DATA.
━━━━━━━━━━━━━━━━━━━━━━━━━━━━━━
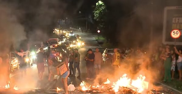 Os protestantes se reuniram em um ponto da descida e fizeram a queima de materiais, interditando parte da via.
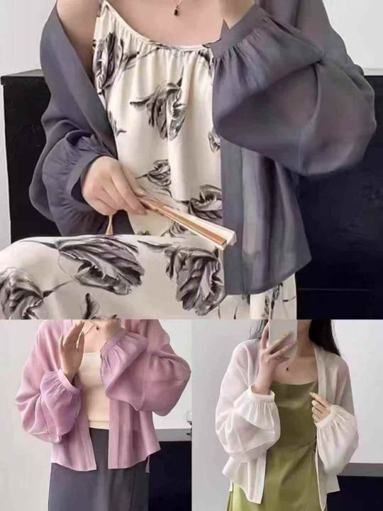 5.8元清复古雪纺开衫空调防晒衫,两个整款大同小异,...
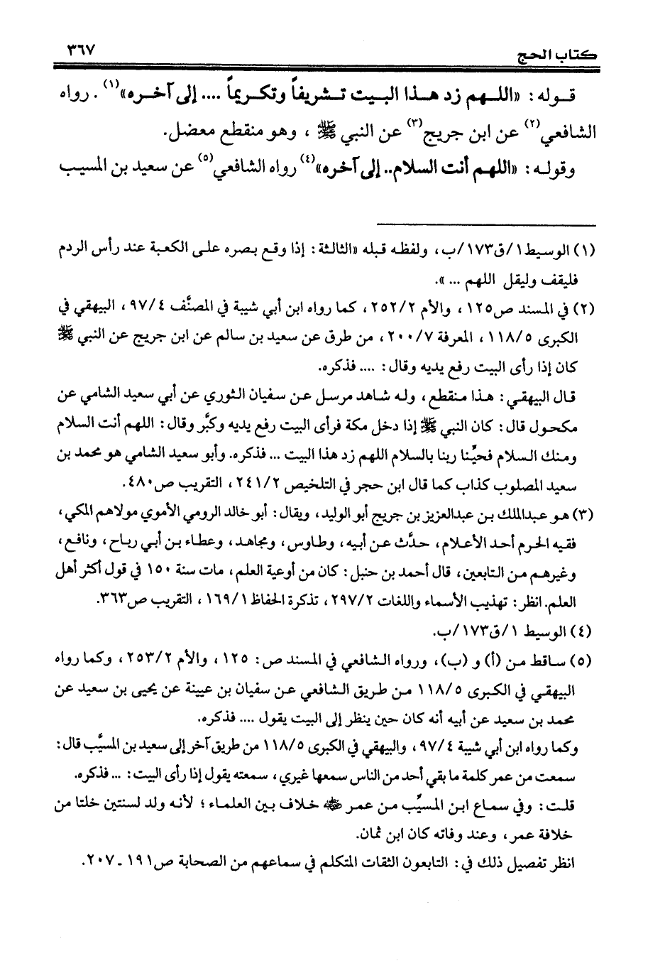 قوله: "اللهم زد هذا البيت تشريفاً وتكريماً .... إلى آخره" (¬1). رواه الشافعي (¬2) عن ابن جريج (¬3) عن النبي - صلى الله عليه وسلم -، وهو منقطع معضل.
━━━━━━━━━━━━━━━━━━━━━━━━━━━━━━
EXERCISE REQUIREMENTS.
A word-for-word copy of the data above is needed, one that omits the pictures.

ANSWER TO THIS PROBLEM.
 Os protestantes se reuniram em um ponto da descida e fizeram a queima de materiais, interditando parte da via.
 5.8元清复古雪纺开衫空调防晒衫,两个整款大同小异,...
 قوله: "اللهم زد هذا البيت تشريفاً وتكريماً .... إلى آخره" (¬1). رواه الشافعي (¬2) عن ابن جريج (¬3) عن النبي - صلى الله عليه وسلم -، وهو منقطع معضل.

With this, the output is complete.